Athletic Grounds
- Location: Blackpool, England
- Coordinates: 53°48′20″N 3°01′43″W﻿ / ﻿53.8055°N 3.0286°W
- Surface: Grass
- Record attendance: 4,000
- Acreage: 24 acres

Tenant
- Blackpool F.C.

= Athletic Grounds (Blackpool) =

Sports ground in Blackpool, England

The Athletic Grounds was a sports ground in Blackpool, England. It was the home ground of Blackpool F.C. between 1897 and 1898, and it was the 55th ground to host a Football League game.

==History==
The Athletic Grounds was located in Stanley Park, a municipal park to the east of the town centre. It was a 24-acre site, with a horse racing track around most of the perimeter. At the western edge of the site there was a cinder cycle track, which overlapped the racing track. A football pitch was located inside the cycle track, whilst the site also contained a cricket pitch. Spectator facilities included a covered stand and some uncovered seating on the western side of the cycle track.

Blackpool moved to the ground at the start of the 1897–98 season, as their Raikes Hall ground required development following the club's election to the Football League. The first League match at the Athletic Grounds was played on 11 September 1897, with 4,000 spectators seeing Blackpool draw 1–1 with Burnley. That proved to be the ground's record attendance, and was equalled for matches against Newton Heath on 15 January 1898 and Darwen on 8 April 1898.

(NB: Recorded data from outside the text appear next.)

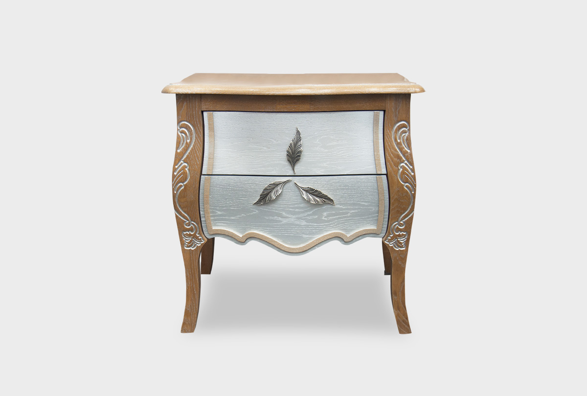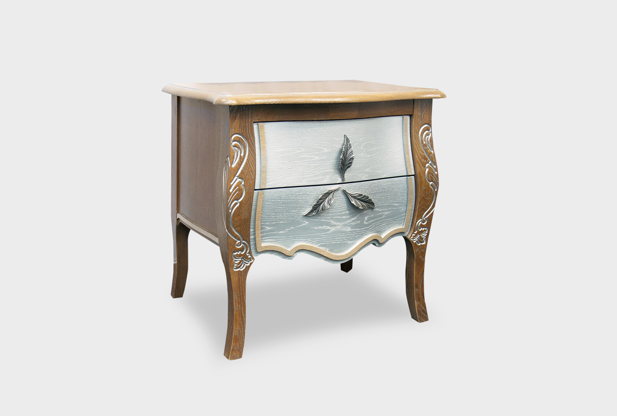 Все мы знаем, как важно окружать себя красивыми вещами. Особенно это касается нашего дома, ведь там мы проводим большую часть своей жизни. Прикроватная тумба из коллекции «Трио» в цвете «коньяк с серебряной патиной+серебро» украсит Вашу спальню и создаст в ней хорошее настроение. Объемные 3D-фасады, декоративная резьба и фурнитура в виде лепестков делают эту тумбу Trio маленьким произведением искусства. В выдвижные ящики, дно которых отделано велюром, поместятся Ваши личные вещи, а удобная высота тумбы позволит разместить на ней светильник, книги или журналы.
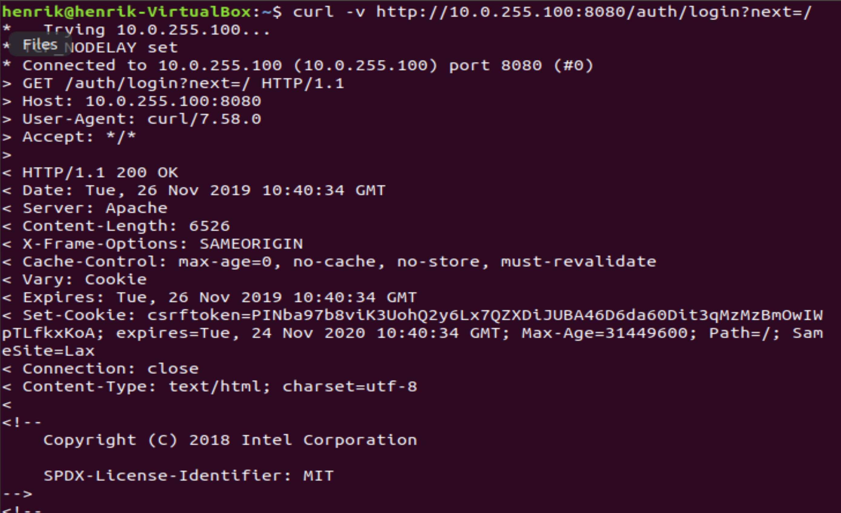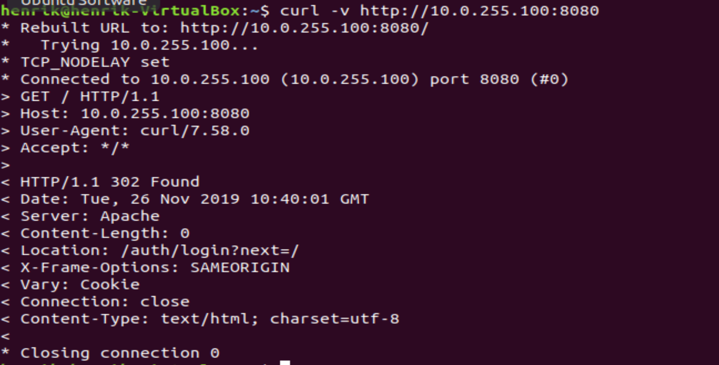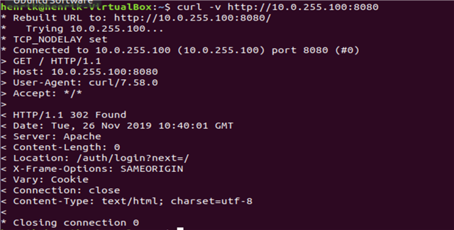 - first request (http://10.0.255.100:8080) from browser gets 302 (Found, redirect to /auth/login?next=/)
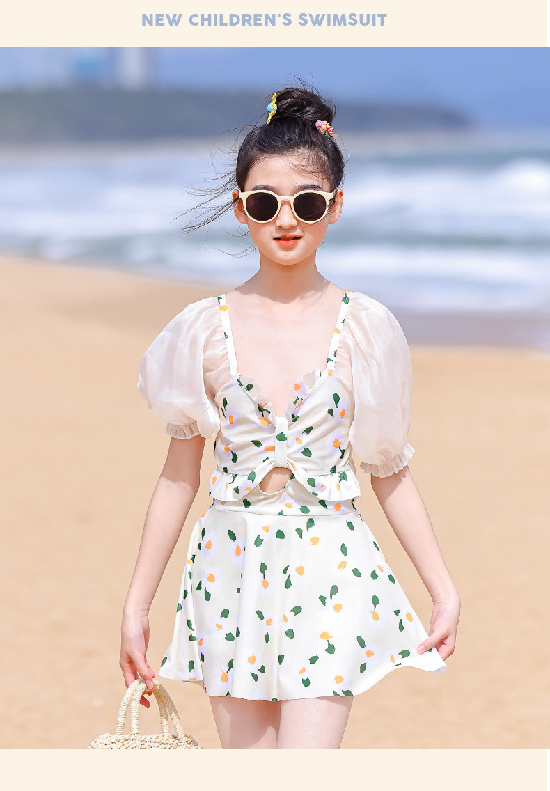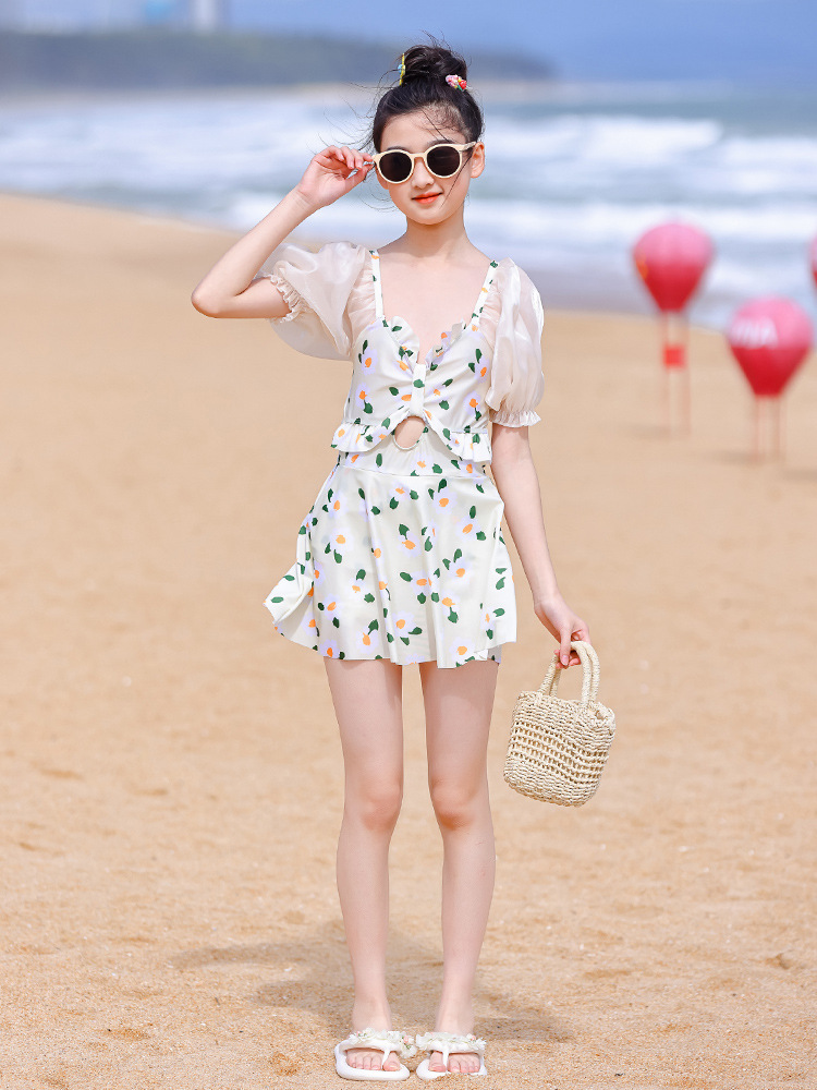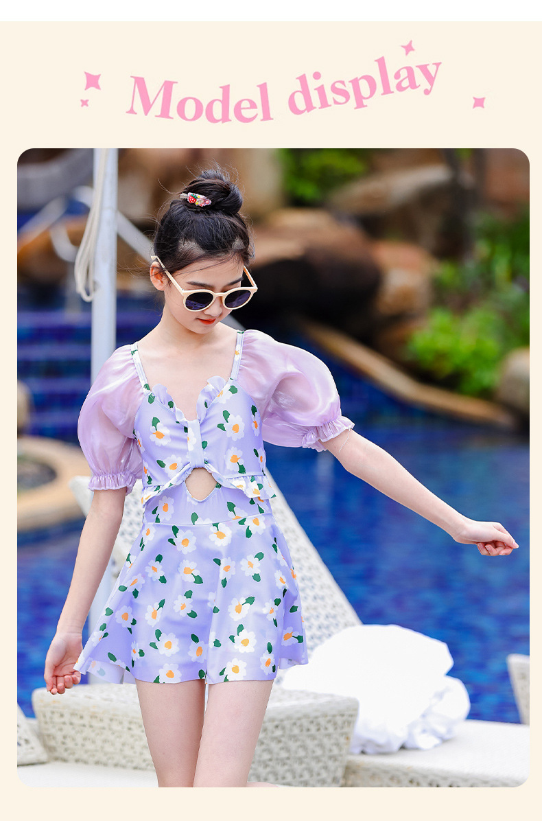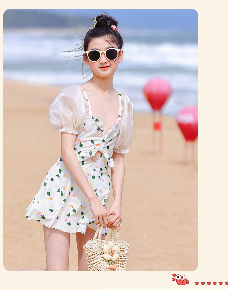泳衣儿童女夏新款女童中大童学生少女连体裙式游泳衣温泉泳装批发

Due to the distance between the stands and the pitch, the ground was unpopular with supporters, and midway through the 1898–99 season the club returned to Raikes Hall after it became apparent that the planned redevelopment was going to be delayed. The last match at the Athletics Ground was a 2–1 defeat by Glossop North End on 31 December 1898.

The Athletics Ground subsequently became part of the Stanley Park Leisure Complex, with housing later built on the site.